Dito isso, desapareceu, deixando o botânico num estado de consternação difícil de descrever.


A idéia de um homem sem sombra me causava espécie. Vi-o partir também em seguida. Ao atravessar a sala, seu corpo não projetava sombra alguma.


Lembrando-me então do famoso Peter Schlemihl, esse Judeu Errante da Alemanha, corri atrás dele. Mas apenas atravessara a porta quando o hospedeiro me deu um empurrão, gritando:


- Que o diabo leve todos os fregueses de vossa espécie e Deus permita que nunca mais vos veja!
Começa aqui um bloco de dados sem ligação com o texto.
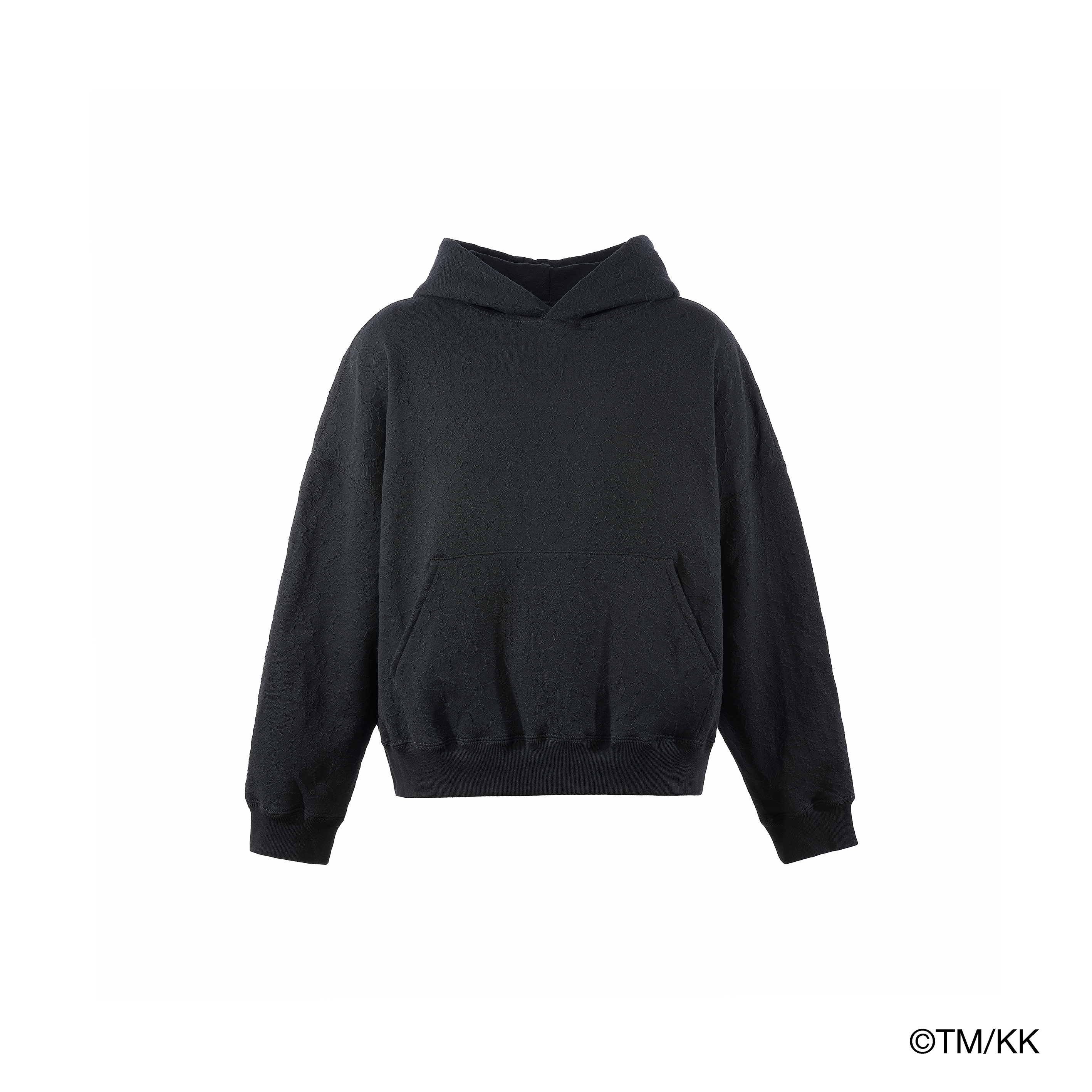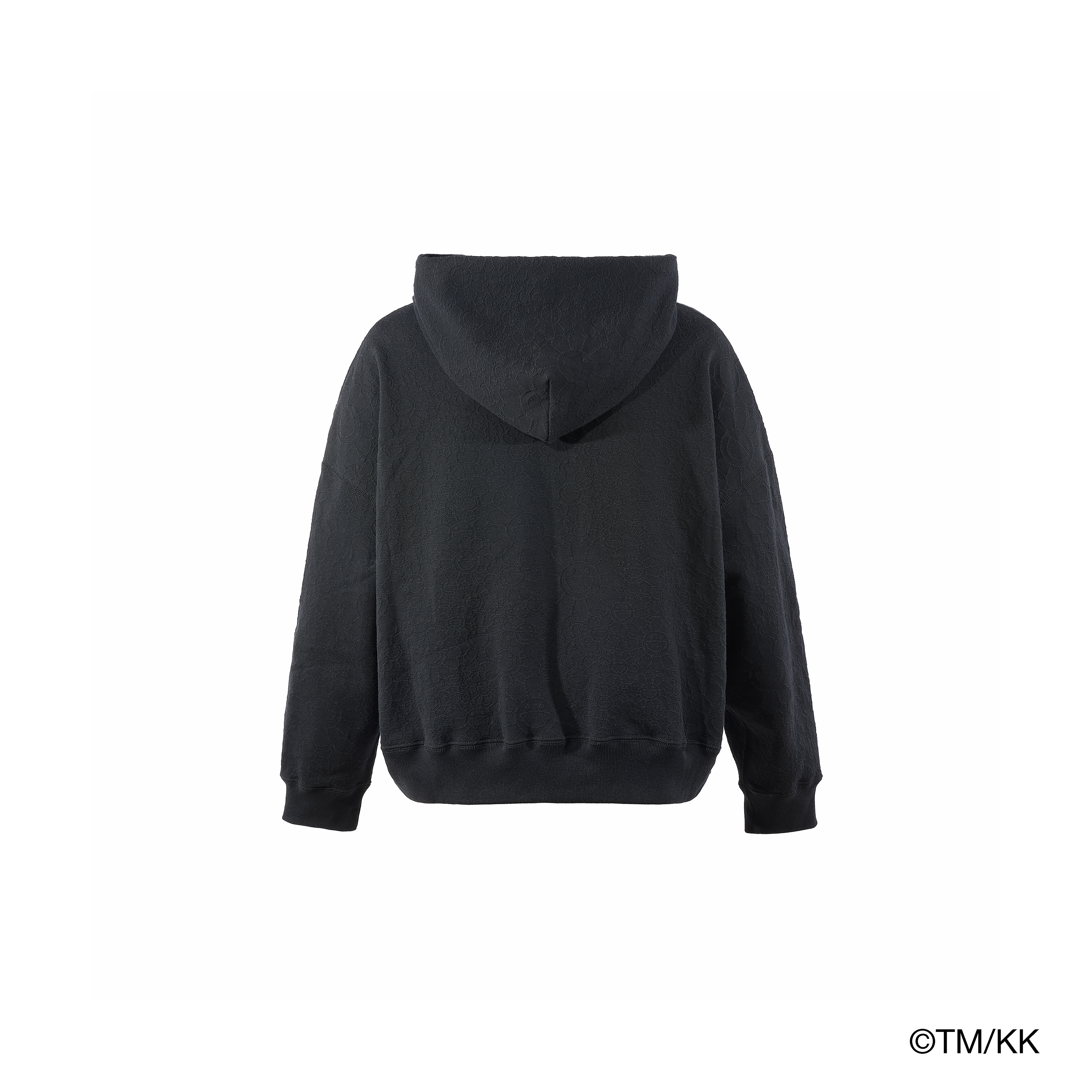 村上隆氏の代表的モチーフである「お花」を、オリジナルで製作したジャカード生地で表現したセットアップ。フーディーにはゆとりのあるワイドシルエットを採用し、パンツはセットアップとしてのバランスを考慮した、やや細身のシルエットに仕立てている。アートワークの存在感を際立たせながら、シルエットのコントラストによって洗練された佇まいに仕上げている。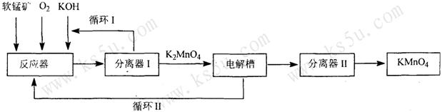 27.(12分)KMnO4是一种常用的强氧化剂,工业上可以用软锰矿(主要成分为MnO2)为原料,通过液相法生产,即在碱性条件下用氧气氧化MnO2得到K2MnO4,分离后得到K2MnO4;再用铂板作阳极,铁作阴极电解K2MnO4溶液得到KMnO4。简略生产过程如下图所示:

Quanto ao magricela, não consegui alcançá-lo. Com três passadas, desaparecera rua abaixo.


Eu havia esquecido minha chave no bolso do casado. Era-me, pois, impossível entrar em casa. Decidi a pedir asilo a um de meus amigos, o proprietário do Águia de Ouro. O porteiro não me fez esperar e fui conduzido a um belíssimo aposento, enfeitado com um grande espelho recoberto por uma cortina de sarja verde. Não sei porque me veio o capricho de levantar a cortina. Vi-me refletido no espelho, tão pálido e tão desfeito que mal consegui me reconhecer; depois, parecendo-me que, do fundo do espaço refletido pelo espelho, vinha avançando para mim uma forma indecisa e vaporosa.
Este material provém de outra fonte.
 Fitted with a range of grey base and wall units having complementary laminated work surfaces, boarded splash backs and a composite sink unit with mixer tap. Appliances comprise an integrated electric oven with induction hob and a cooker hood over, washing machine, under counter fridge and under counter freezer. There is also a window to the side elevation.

Ao fixar os olhos nessa aparição, acreditei ver... sim, era Ela mesma, a figura adorada de Júlia.!


- Ó, minha querida, voltas para aquele que não pode viver sem ti? Um profundo suspiro me respondeu. Tal suspiro saiu das dobras do cortinado que escondia a alcova. Corri para o leito e deixo à vossa imaginação a tarefa de figurar o que devo ter sentido ao encontrar nele deitado, o homenzinho a quem o hospedeiro da taverna chamara general Suwarow.


Esse bizarro personagem sonhava em voz alta e seus lábios, contraídos por uma emoção penosa, pronunciavam um nome que me fez bater o coração mais depressa:


- Giulietta!... Giulietta!


Sacudi vivamente o homenzinho até acordá-lo.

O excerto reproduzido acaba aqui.